Доброта и благожелательность становятся грехом, господство и угнетение — добродетелью. «Все хорошее было некогда дурным; каждым первородным грехом была порождена первородная добродетель». [155] К этому самым серьёзным образом относится Жюльетта и в эпоху Нового времени, ей впервые совершенно сознательно осуществляется тут переоценка ценностей. После того, как все идеологии были уничтожены, возводит она то, что христианством в идеологии, но не всегда на практике, считалось чудовищным, в принцип собственной морали. Как истинный философ остаётся она при этом холодной и рефлектирующей. Всё происходит без иллюзий. На Поскольку мы не верим в Бога, моя дорогая, сказала я ей, те осквернения святынь, которых ты алчешь, являются не предложение Клэрвил совершить святотатство она отвечает: «чем иным, как совершенно бесполезным ребячеством… Вероятно я ещё более тверда чем ты; мой атеизм достиг апогея. Поэтому не воображай, что я нуждаюсь в тех ребячествах, которые ты мне предлагаешь, чтобы утвердиться в нём; я сделаю это, потому что тебе они доставляют удовольствие, но только для забавы» — американская убийца Энни Генри сказала бы just for fun — «и никогда не сделаю это в качестве чего-то необходимого, будь то для того, чтобы упрочить мой образ мыслей, будь то для того, чтобы убедить в нём других».[156]
Просияв от эфемерное любезности по отношению к сообщнице, она позволяет взять верх своим принципам. Беззаконие, ненависть, разрушение становятся даже функциональными после того, как из-за формализации разума все цели, в качестве иллюзий, утрачивают характер необходимых и объективных. Чары превращаются в просто действие, средство, короче — в индустрию. Формализация разума является попросту интеллектуальным выражением машинизированного способа производства.

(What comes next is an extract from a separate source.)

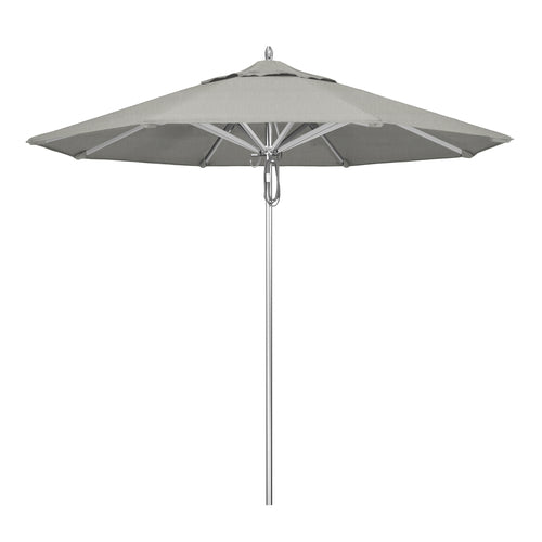 Rodeo Series Patio Umbrella, 9 ft., octagonal, single wind vent, 1-1/2" dia. aluminum silver anodized pole, single piece with 3mm wall thickness, stainless steel hardware, pulley lift, oversized reinforced aluminum rib joints with stainless steel spring loaded tips, polished aluminum hub, housing and finial cap, Grade 1A Sunbrella® Fabric, granite, Made in USA

Средство фетишизируется: им поглощается стремление. Подобно тому, как в теории Просвещение превращает в иллюзии те цели, которыми украшало себя господство прежних времён, оно лишает его, благодаря возможности изобилия, и практического основания. Господство выживает как самоцель в форме экономической власти. Наслаждение уже обнаруживает признаки чего-то устаревшего и несущественного, подобно метафизике, его запрещавшей. Жюльетта говорит о мотивах преступления. [157] Она сама ничуть не менее честолюбива и корыстолюбива, чем её друг Сбригани, но она обоготворяет запретное. Сбригани, этот человек средства и долга, является более передовым. «Обогащаться, вот о чём идёт речь, и мы оказываемся в высшей степени виновными, когда не достигаем этой цели; только тогда, когда уже находишься на верном пути к тому, чтобы стать богатым, можно позволить себе пожинать удовольствия: до тех пор следует забыть о них». При всём своём рациональном превосходстве Жюльетта продолжает оставаться в чём-то суеверной.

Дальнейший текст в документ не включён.